In college, I wrote a friend and informed him I had "General Semantics" on my schedule. He mistakenly assumed I had joined the ROTC. ("Who is this General Semantics?" he asked.)
In fact, the course served me well, given my eventual occupation. Semantics is the branch of linguistics dealing with words' meanings and changes in meanings and the work here is often tied up in these idiomatic disputes.
If we are to believe in what we do, that the job of newspapering has some relevance and import, then we have to argue that the words we use mean something.
The exercise is not isolated to the newspaper business. In these days of untamed sensitivity, imprecision in language can get you picketed, blacklisted, investigated, fired or sued.

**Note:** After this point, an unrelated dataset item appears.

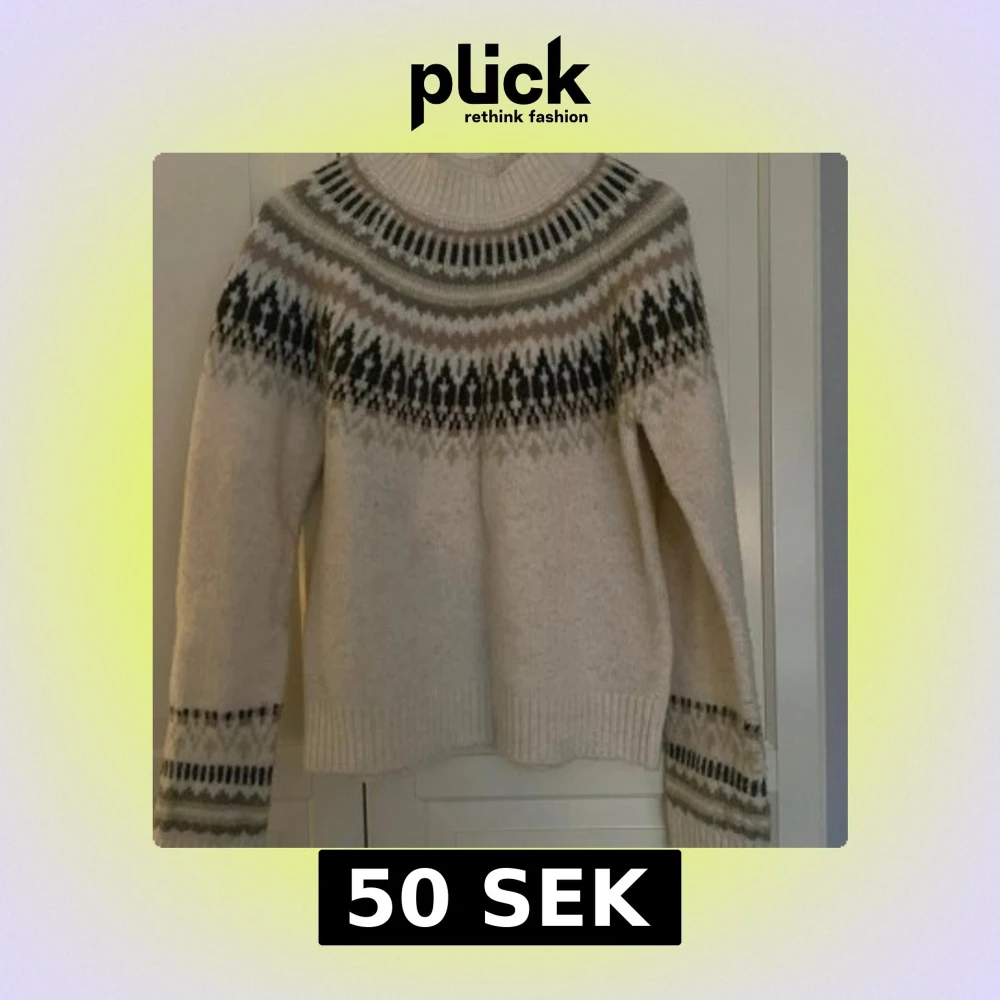 Storlek XS/34. Mysig beige stickad tröja med ett klassiskt mönster i svart och grått runt halsen och ärmsluten. Perfekt för kyliga dagar.

Loose lips may sink ships during wartime, but they can require you to seek legal advice these days if the words chosen offend certain of society's oppressed.

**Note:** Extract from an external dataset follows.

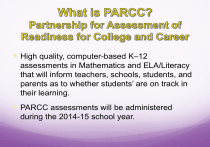 PARCC assessments will be administered during the 2014-15 school year.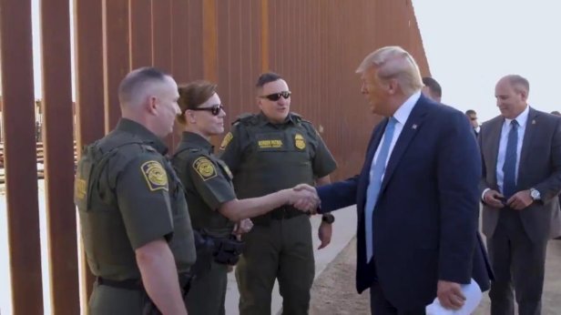 De ahí, Trump partió al muro fronterizo y a las 3:00 de la tarde ingresó por la intersección de las calles Vía de la Amistad y Enrico Fermi, a metros de México, donde una decena de personas se reunieron sobre la calle por la que ingresó para verlo ingresar en medio de un fuerte convoy escoltado por patrullas, policías en motocicletas y agentes del Servicio Secreto, así como de la Patrulla Fronteriza.

A word worth studying in Missouri this week is "hate," used dubiously as an adjective here, as in "hate crime."
Overlook for a moment the seeming redundancy of the phrase; there are crimes of passion so I suppose it's acceptable (if not altogether necessary) to specify that certain crimes are carried out with malice between perpetrator and victim.

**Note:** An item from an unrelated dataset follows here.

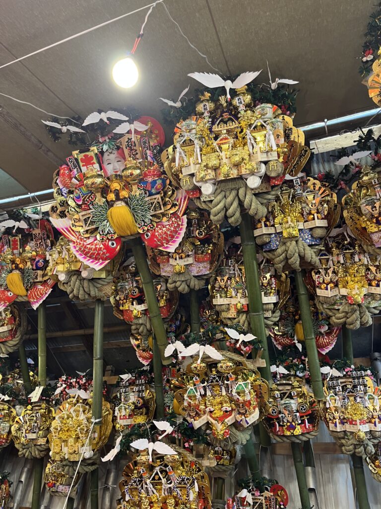 綺羅びやかな熊手が沢山並んでいます

The "hate crimes" in this case are those perpetrated against "legitimate" minorities. There's no argument that such offenses are (as long as we're stumbling through the thesaurus) heinous, ghastly, grizzly, atrocious, outrageous, odious and shocking. What has been a matter for peculiar governmental deliberations is the class of victim that should get full justice from this ghastliness, atrociousness, and so on.
Consider the stand taken by the city council in Independence, Mo. On Monday night, the council debated an ordinance to impose stiffer penalties for crimes committed out of hatred for certain groups of people.
For example, the law would impose an additional minimum penalty of $300 and 15 days in jail for any crime committed on the basis of a victim's race, color, religion, age, national origin or ethnic heritage.
Hearts of the council members were collectively in the right place. The ordinance was in response to a series of cross burnings and other acts of intimidation that took place in Independence this year. Their mission was noble.
Where the council bogged down, however, was in drawing the line for this special legal distinction. And after two hours of discussion, the body voted 5-2 not to include the words "sexual orientation" in the law.
Get it? In the world of hate crimes, homosexuals need not apply in Independence. Under the new law, gay bashing carries less weight than badgering a Methodist.
It is true, as one council member pointed out, that homosexuals have no fewer rights with this ordinance. It is likewise true that other groups, rightfully perplexed by crimes that target them because of who or what they are, have been placed at the head of the line for disbursement of justice.
It is like the law was written using the method of an old military joke. "All right," the drill sergeant would shout, "all those oppressed please step forward. ... Whoa, homosexuals, not so fast."
If the idea of our legal system is to provide equal protection under the law, what is a government doing splitting hairs about what is hate and what isn't? Some things you can't explain away as a problem of semantics.